WHAT THE EXERCISE ASKS
Print, word for word, the line containing "Ten jest całkowicie" and all lines beneath it to the end of the entries below. Pictures do not belong in the copy.

WORKING DATA
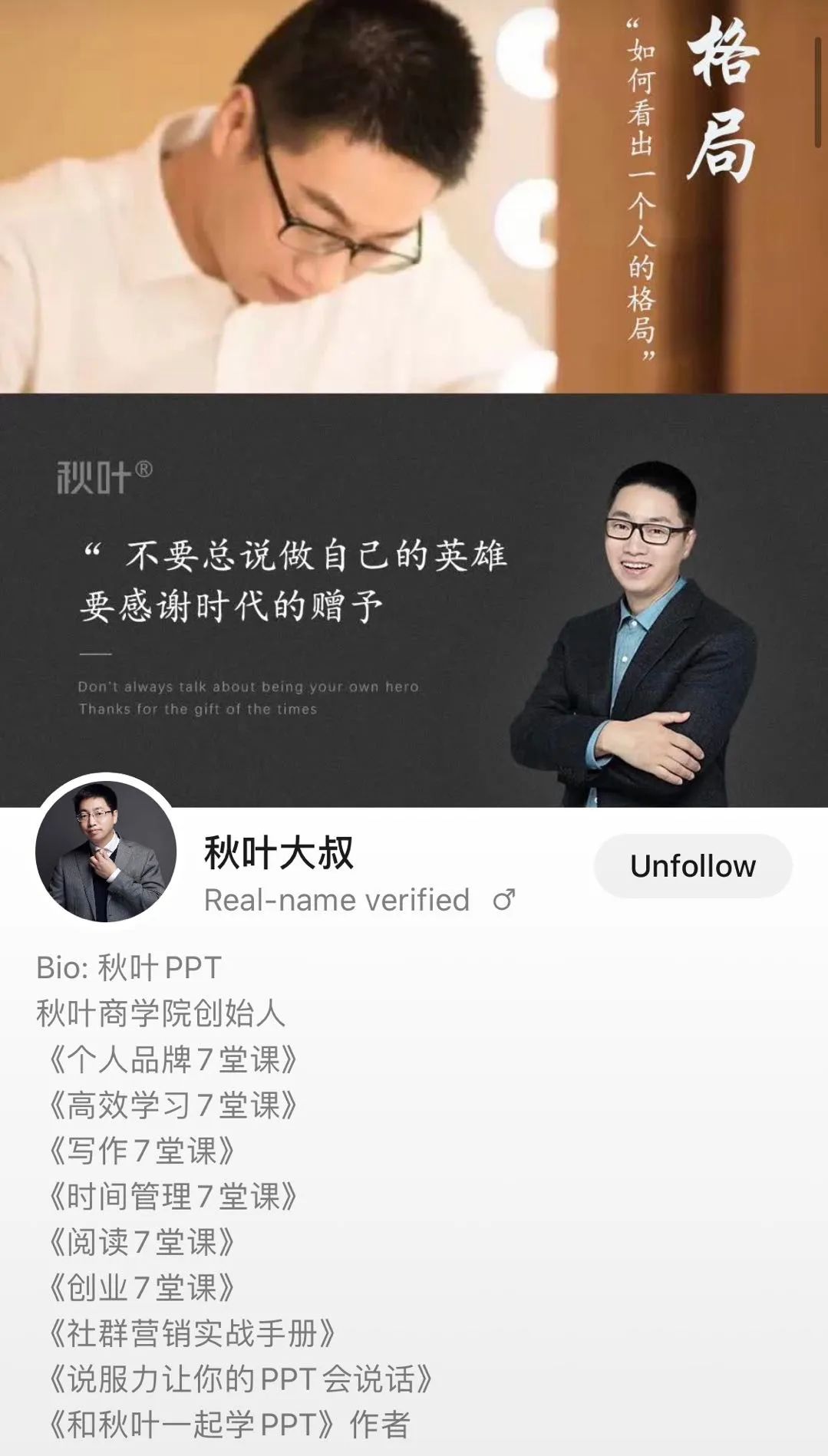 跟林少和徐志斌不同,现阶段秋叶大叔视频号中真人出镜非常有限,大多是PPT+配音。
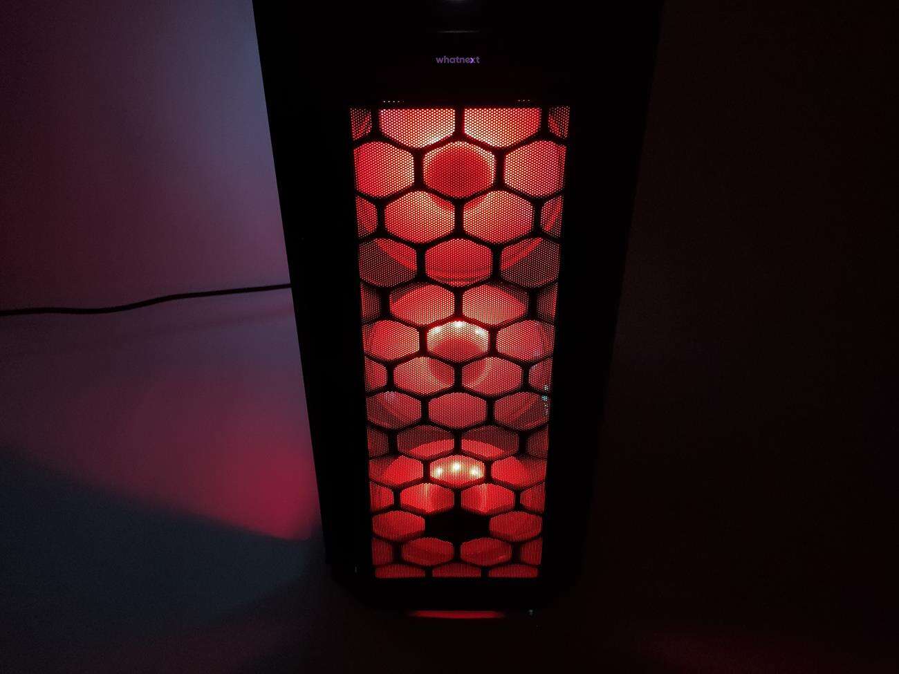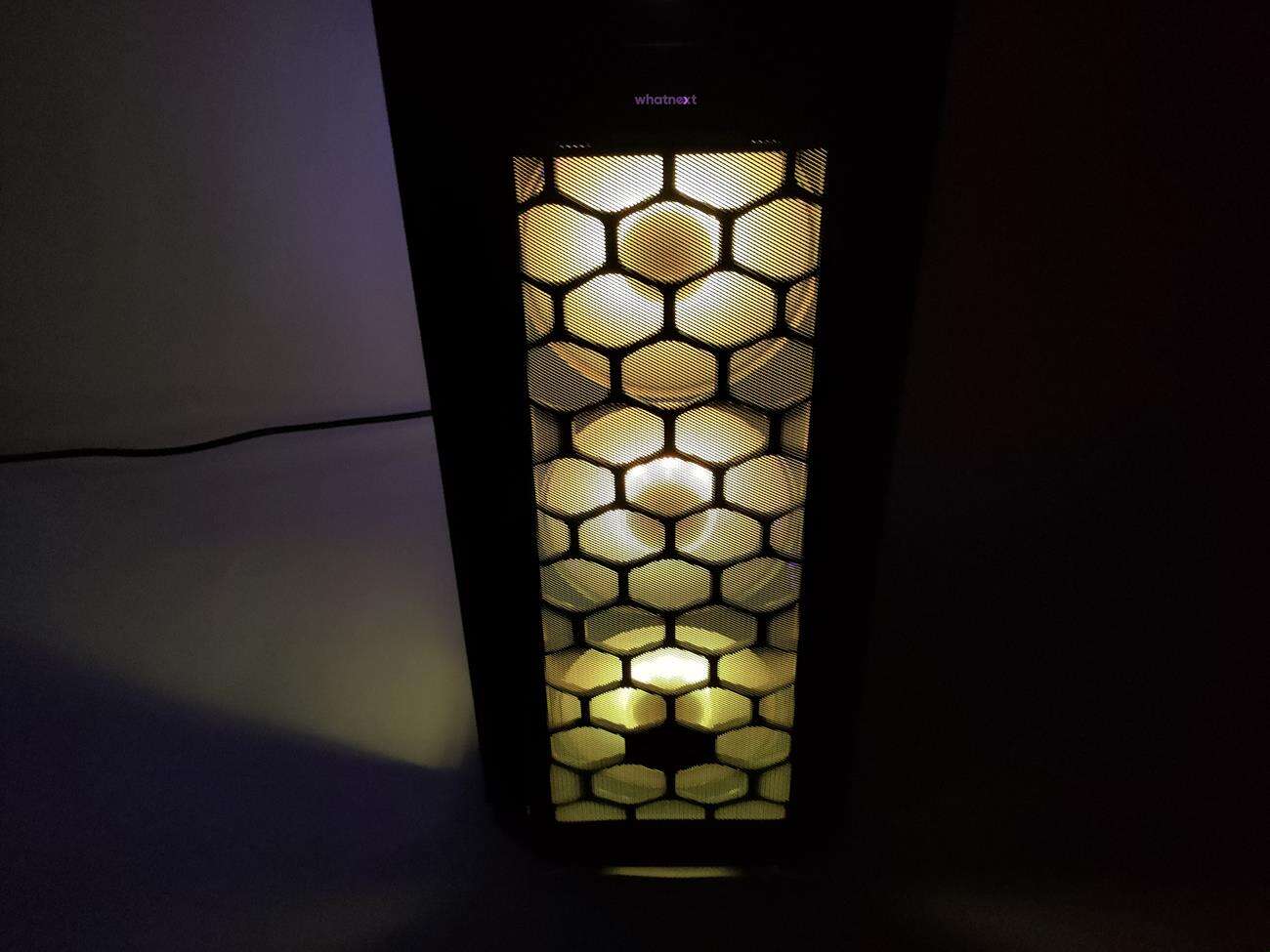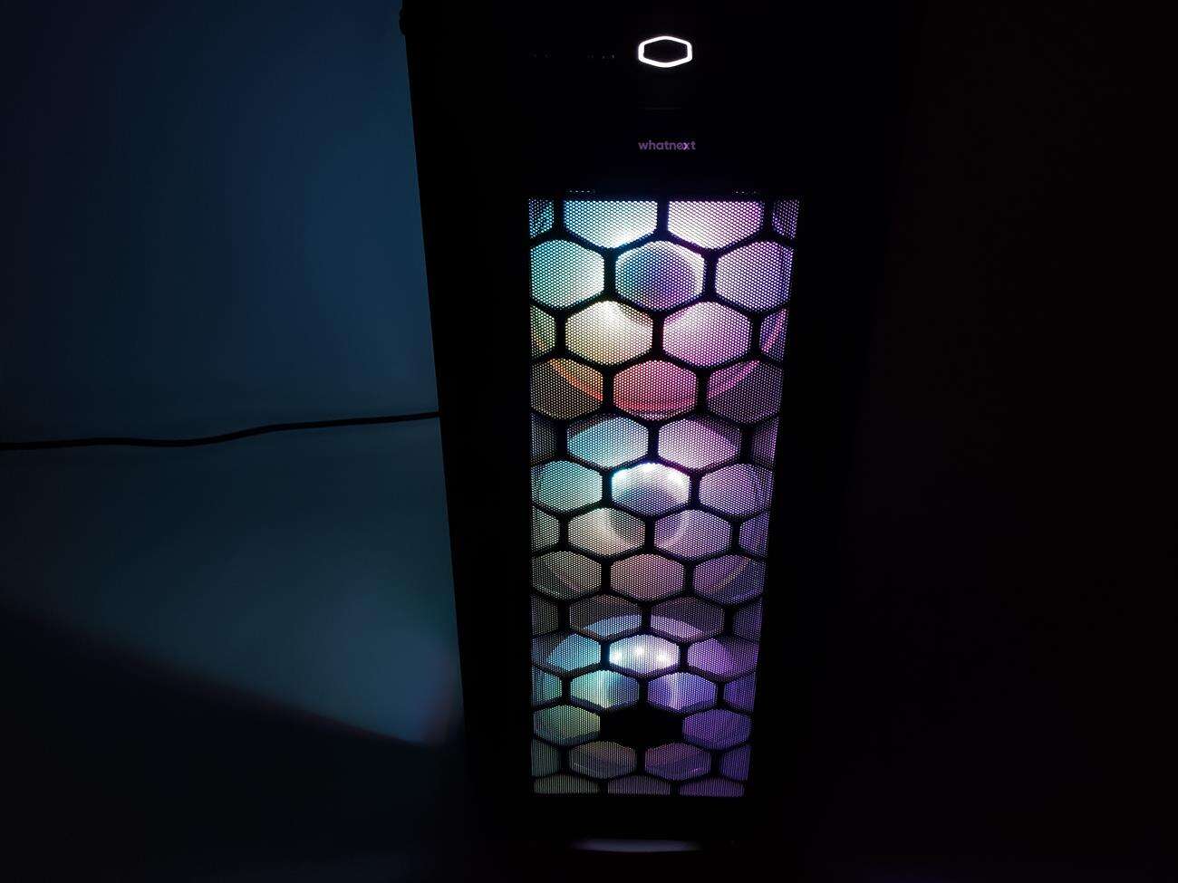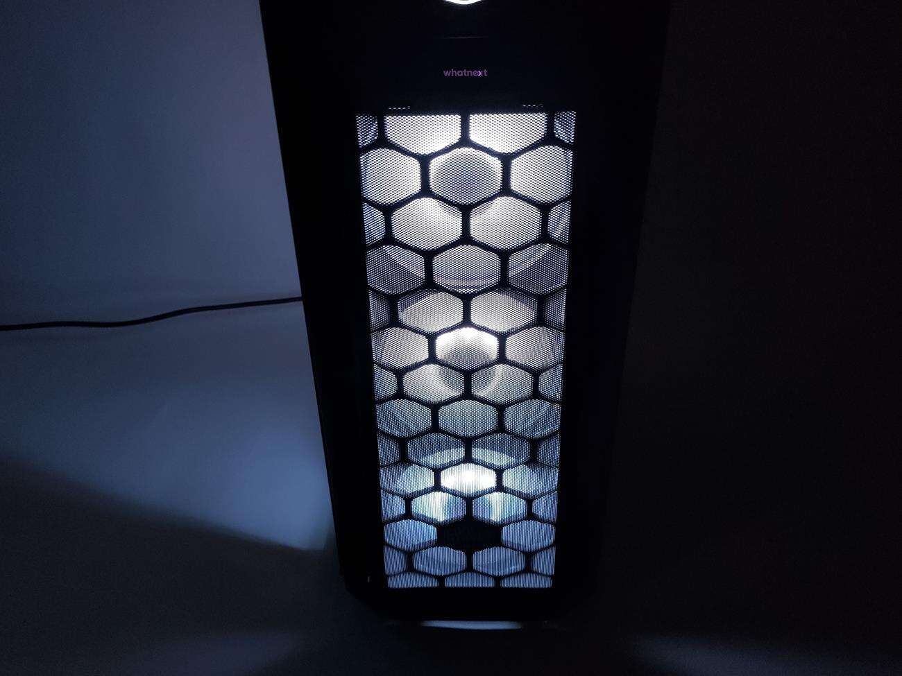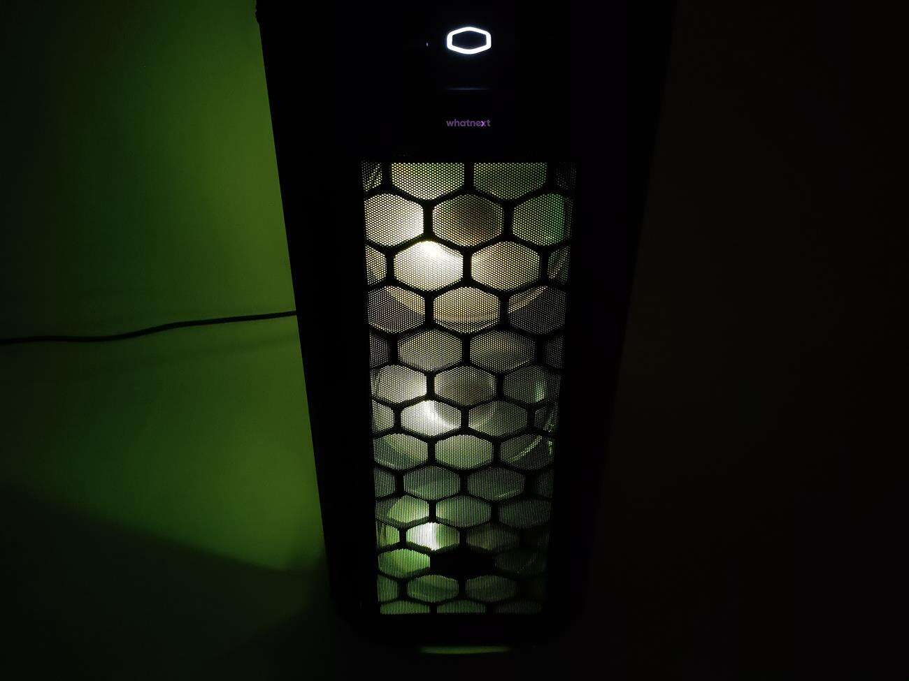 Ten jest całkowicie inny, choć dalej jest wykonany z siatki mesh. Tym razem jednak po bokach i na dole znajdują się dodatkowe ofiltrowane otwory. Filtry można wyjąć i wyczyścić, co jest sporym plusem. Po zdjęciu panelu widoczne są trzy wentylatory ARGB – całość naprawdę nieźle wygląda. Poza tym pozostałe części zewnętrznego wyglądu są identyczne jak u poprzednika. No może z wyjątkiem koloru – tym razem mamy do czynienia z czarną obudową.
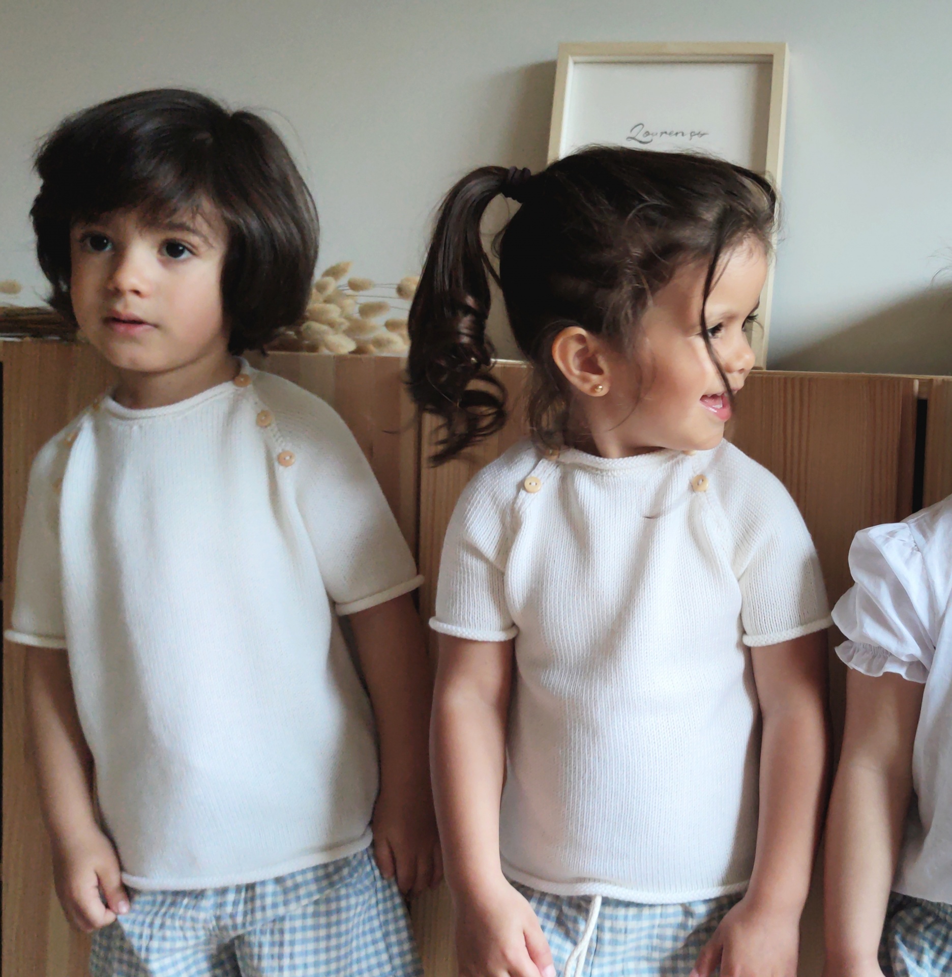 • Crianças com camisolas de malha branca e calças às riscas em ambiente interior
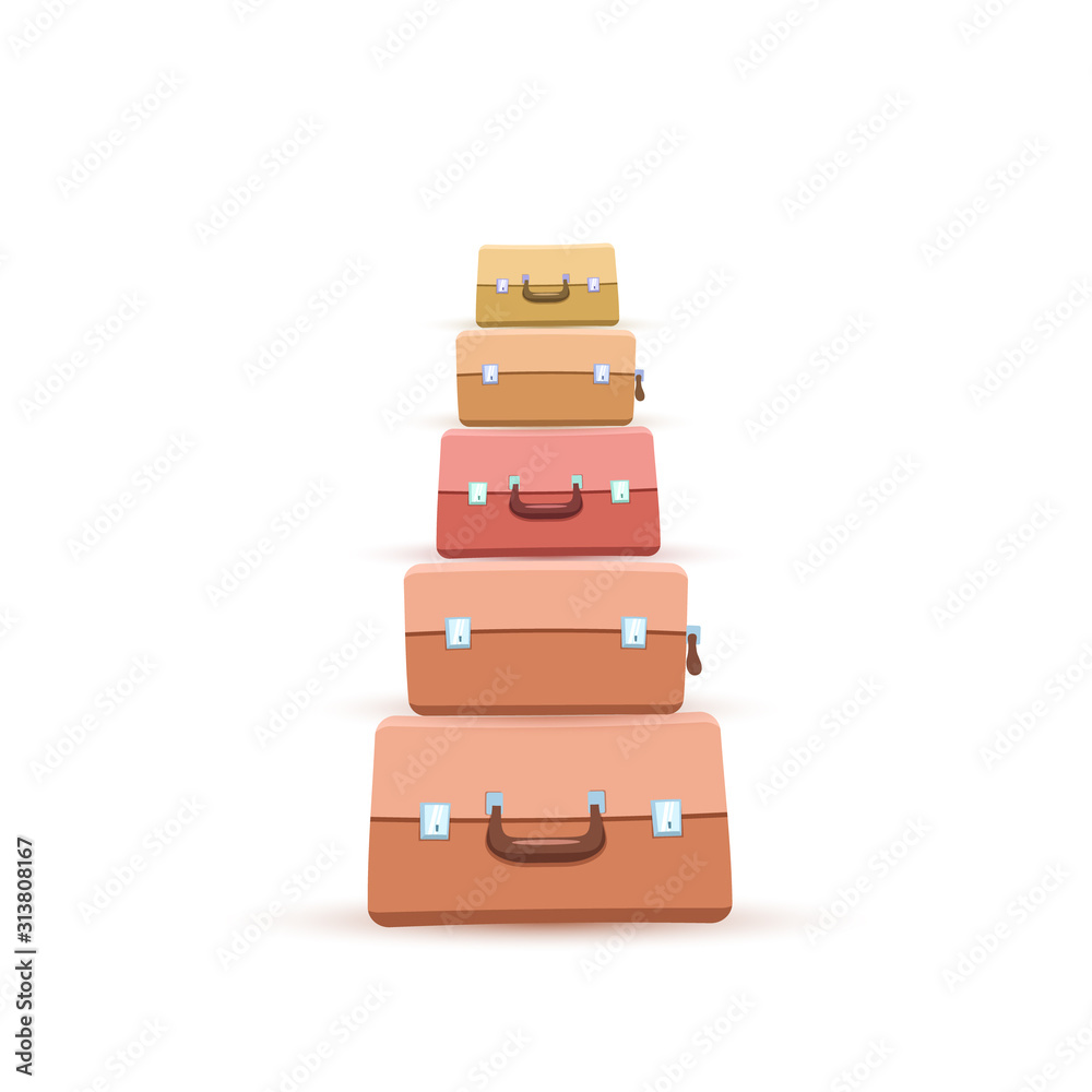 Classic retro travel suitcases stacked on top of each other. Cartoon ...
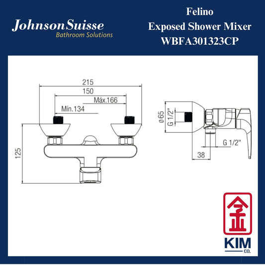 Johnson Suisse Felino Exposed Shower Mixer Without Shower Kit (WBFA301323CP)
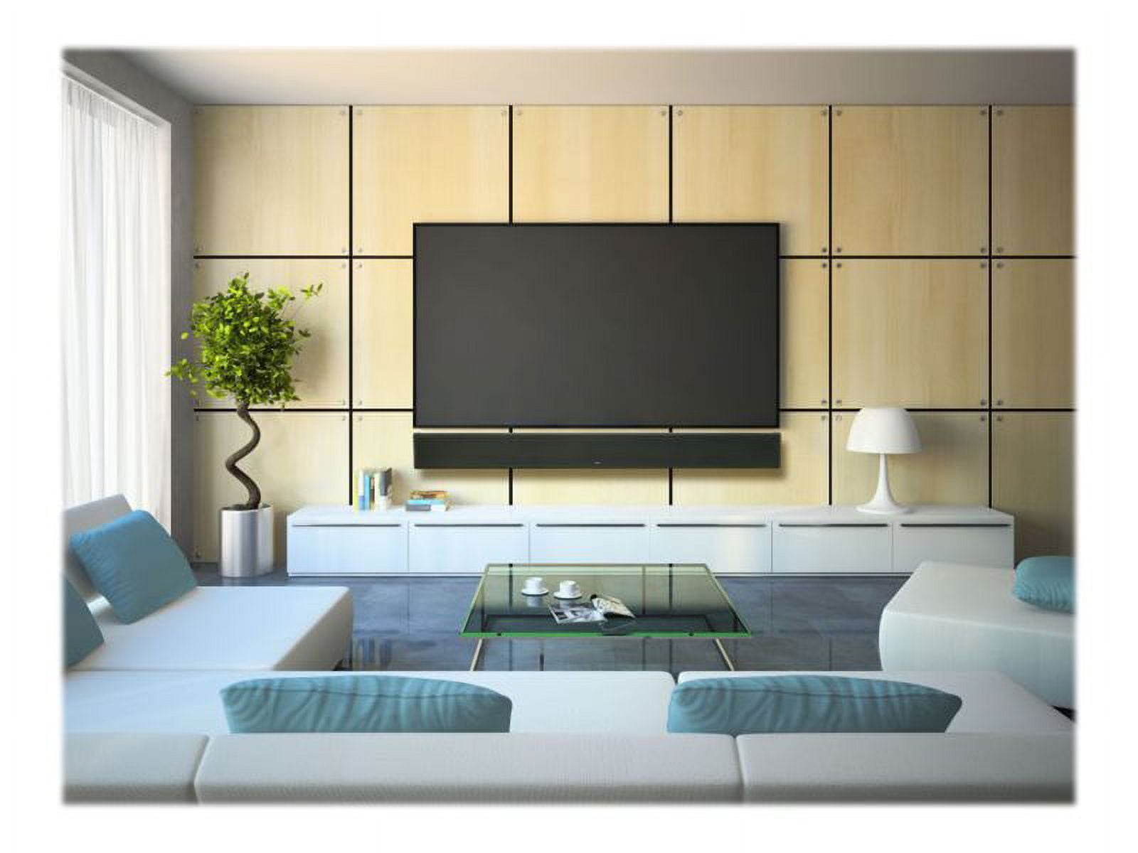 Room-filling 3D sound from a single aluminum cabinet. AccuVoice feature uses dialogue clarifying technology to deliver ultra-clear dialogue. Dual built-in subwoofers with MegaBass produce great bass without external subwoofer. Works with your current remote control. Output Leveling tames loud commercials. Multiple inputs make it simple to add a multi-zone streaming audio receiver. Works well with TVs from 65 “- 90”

RESULT FOR THIS TASK
 Ten jest całkowicie inny, choć dalej jest wykonany z siatki mesh. Tym razem jednak po bokach i na dole znajdują się dodatkowe ofiltrowane otwory. Filtry można wyjąć i wyczyścić, co jest sporym plusem. Po zdjęciu panelu widoczne są trzy wentylatory ARGB – całość naprawdę nieźle wygląda. Poza tym pozostałe części zewnętrznego wyglądu są identyczne jak u poprzednika. No może z wyjątkiem koloru – tym razem mamy do czynienia z czarną obudową.
 • Crianças com camisolas de malha branca e calças às riscas em ambiente interior
 Classic retro travel suitcases stacked on top of each other. Cartoon ...
 Johnson Suisse Felino Exposed Shower Mixer Without Shower Kit (WBFA301323CP)
 Room-filling 3D sound from a single aluminum cabinet. AccuVoice feature uses dialogue clarifying technology to deliver ultra-clear dialogue. Dual built-in subwoofers with MegaBass produce great bass without external subwoofer. Works with your current remote control. Output Leveling tames loud commercials. Multiple inputs make it simple to add a multi-zone streaming audio receiver. Works well with TVs from 65 “- 90”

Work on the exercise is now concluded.